Cross-posted from ng.mil.
COLUMBIA, S.C. – Becoming a nationally recognized educator is a lofty accomplishment and for one South Carolina Army National Guard member, that achievement became a reality as she was one of about 100 teachers from across the country honored in a White House ceremony Dec. 7 in Washington.
Lt. Col. Evet Jefferson, who in uniform works in the mobilization section of Joint Forces Headquarters here, serves her community as a special education high school teacher.
As the only representative selected from the state of South Carolina, among the newest class of 6,200 national board-certified teachers nationwide, she made the trip last week to be honored in the nation’s capital.
She first, however, had to be convinced she was really supposed to go.
“I actually thought it was a joke,” she said, referring to recent emails she received inviting her to the White House. “I just found out about becoming nationally board certified on Nov. 20, so I thought it was just an invitation to some meeting.
“But when I received the phone call inviting me, that I was one out of 100 across the nation going,” Jefferson said, “and the only teacher from South Carolina, it was a magnificent feeling.
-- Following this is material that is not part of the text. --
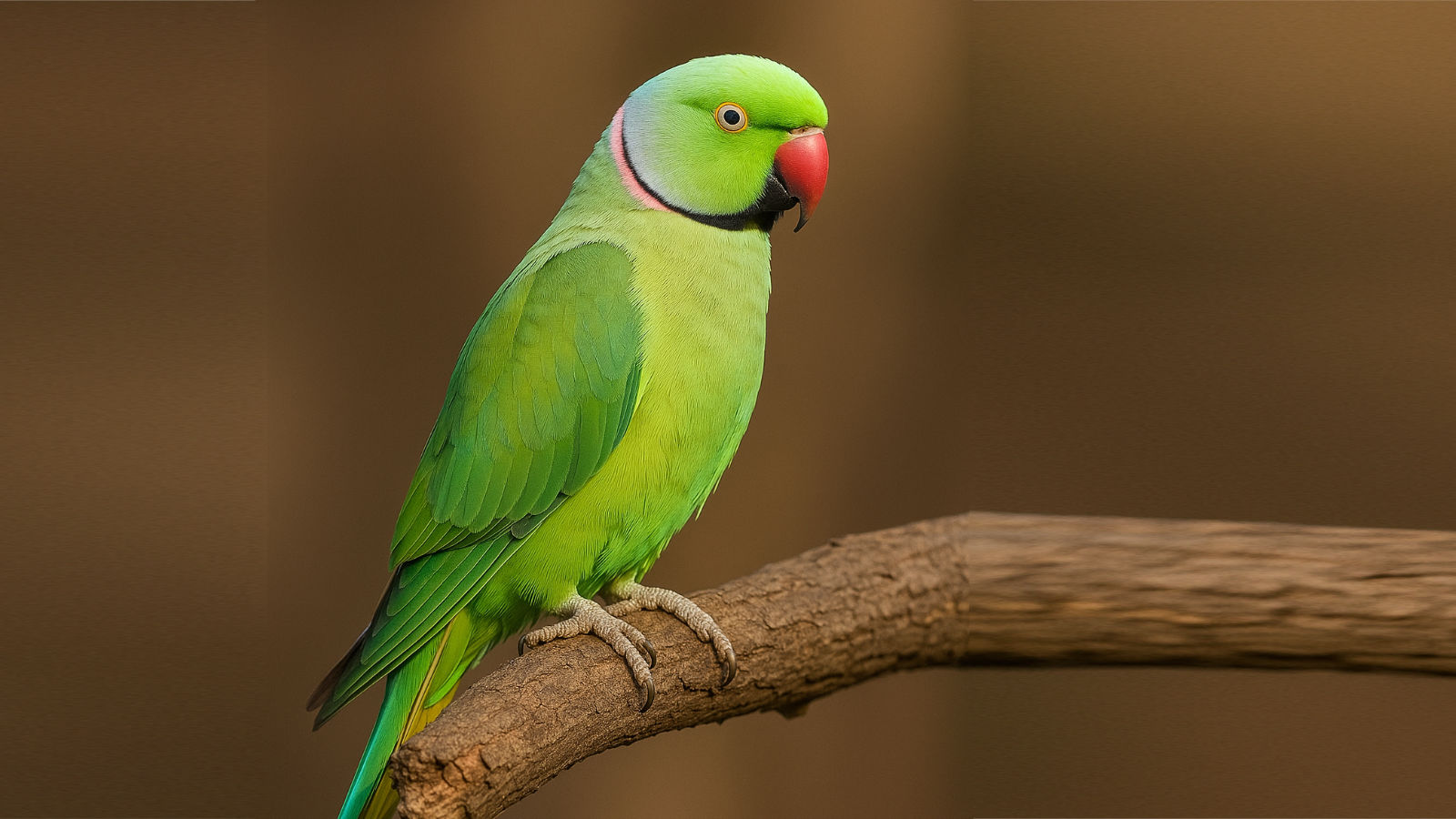 Fisicamente si riconoscono subito per il loro piumaggio verde brillante, il becco rosso acceso e, negli esemplari maschi adulti, un elegante collare nero-rosa che da il nome alla specie. Non sono uccelli minuscoli: la loro lunghezza media arriva ai 40 cm, coda compresa. Perciò se pensavi di tenere il tuo nuovo amico in una gabbietta per canarini… be’, meglio che lasci perdere l’idea subito.

It was great to be recognized.”
Prior to working in education, Jefferson spent eight years working as a career coach at Vocational Rehabilitation before using the Troops to Teachers program to change her civilian career.
Troops to Teachers is a U.S. Department of Education and Department of Defense program that helps eligible military personnel begin a new career as teachers in public schools where their skills, knowledge and experience are most needed.
“I wanted to change careers and Troops to Teachers allowed me to do just that,” Jefferson said.
“It’s an awesome way to go.”
Since her career move, Jefferson has been a teacher for nearly 10 years, the last eight at her current school.
She said she loves the classroom and watching her kids learn something new.
“My kids are great,” she said. “The most challenging thing for me is for them to have as much faith in themselves as I have in them. I think they can do more than they think they can.”
Her school principal, Nathan White, expressed his pride in Jefferson earning the “gold standard” of teaching excellence.
“We are all very proud of her achievement,” White said. “She is really a great teacher and she works with our most challenging students [here]. They feel comfortable around her and she truly cares about them. She’s fair and she’s firm.”
At least once a week, Jefferson wears her uniform to school and White mentioned that her military experience helps her in the classroom.
“Being in the military has served her well in teaching because she’s extremely organized and the kids appreciate that organization,” White said. “She’s tidy, very neat and you always know where things are when you go to her classroom.”
As for the trip to Washington, Jefferson says it was a lot of fun as well as informational.
“The best part about it was when I got to sit with other [national board-certified] teachers with the same credentials as me, who really care about their students, and come up with some great ideas to use,” said Jefferson. “I enjoyed that thoroughly.”
Though she did not get to meet President Barack Obama, who was traveling at the time, she did get to meet Secretary of Education Arne Duncan.
“He was really a down-to-earth gentleman,” she said. “He was really interested in what we had to say and he wanted to get a feel for where we are and what we wanted to see come down the pipeline, so to speak.”
Now having earned this highly esteemed honor in public education, Jefferson isn’t contemplating any other career moves.
“Teaching is pretty much in my blood,” Jefferson said. “Whether it’s in uniform or out, it’s what I like to do.
“When my students’ eyes open and they figure something out, and then they teach it to another student, that’s the most amazing feeling for me. That’s what keeps me in the game.”